• _Source data_:
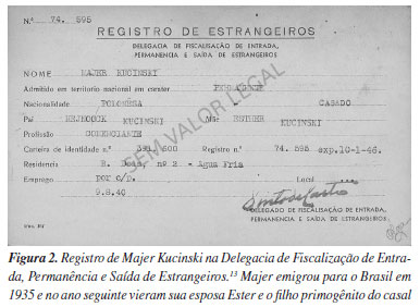 A OPÇÃO PELA QUÍMICA Filha de imigrantes poloneses (Majer e Ester Kucinski), Ana Rosa nasceu em São Paulo em 12 de janeiro de 1942, assim como seu irmão Bernardo alguns anos antes (1937). A história da família, desde antes da chegada ao Brasil, foi detalhadamente contada no livro Kaddish - Prece por uma Desaparecida9 e foge ao escopo deste texto, mas Majer emigrou para o Brasil em 1935 (Figura 2) e Ester veio um ano depois, trazendo Wulf, o filho primogênito do casal nascido na Polônia em 1932.12
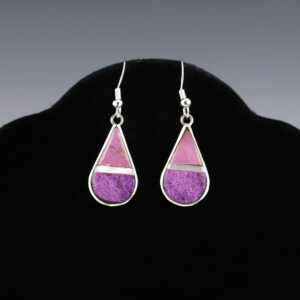 Zuni artists are known for their fine lapidary skills. These earrings are no exception. Zuni artists Eldrick and Charlotte Seoutewa made these lovely earrings out of sterling silver and Jet. Weighs 2 grams. 1/2” wide x 7/8” tall With ear wires are 1 3/8” in length Artist card...
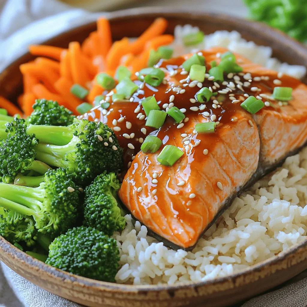 To make teriyaki salmon rice bowls, start by rinsing jasmine rice. Cook it in water or broth until fluffy. While the rice cooks, mix teriyaki sauce, sesame oil, soy sauce, ginger, and garlic in a bowl. Marinate salmon fillets in this mixture for about five minutes. Cook the salmon in a skillet until golden. Steam broccoli and carrots until bright and tender. Finally, scoop rice into bowls, top with salmon, veggies, green onions, and sesame seeds.

• _Assignment_: Repeat all of the listing above word for word, and exclude the pictures.

• _Answer space_:
 A OPÇÃO PELA QUÍMICA Filha de imigrantes poloneses (Majer e Ester Kucinski), Ana Rosa nasceu em São Paulo em 12 de janeiro de 1942, assim como seu irmão Bernardo alguns anos antes (1937). A história da família, desde antes da chegada ao Brasil, foi detalhadamente contada no livro Kaddish - Prece por uma Desaparecida9 e foge ao escopo deste texto, mas Majer emigrou para o Brasil em 1935 (Figura 2) e Ester veio um ano depois, trazendo Wulf, o filho primogênito do casal nascido na Polônia em 1932.12
 Zuni artists are known for their fine lapidary skills. These earrings are no exception. Zuni artists Eldrick and Charlotte Seoutewa made these lovely earrings out of sterling silver and Jet. Weighs 2 grams. 1/2” wide x 7/8” tall With ear wires are 1 3/8” in length Artist card...
 To make teriyaki salmon rice bowls, start by rinsing jasmine rice. Cook it in water or broth until fluffy. While the rice cooks, mix teriyaki sauce, sesame oil, soy sauce, ginger, and garlic in a bowl. Marinate salmon fillets in this mixture for about five minutes. Cook the salmon in a skillet until golden. Steam broccoli and carrots until bright and tender. Finally, scoop rice into bowls, top with salmon, veggies, green onions, and sesame seeds.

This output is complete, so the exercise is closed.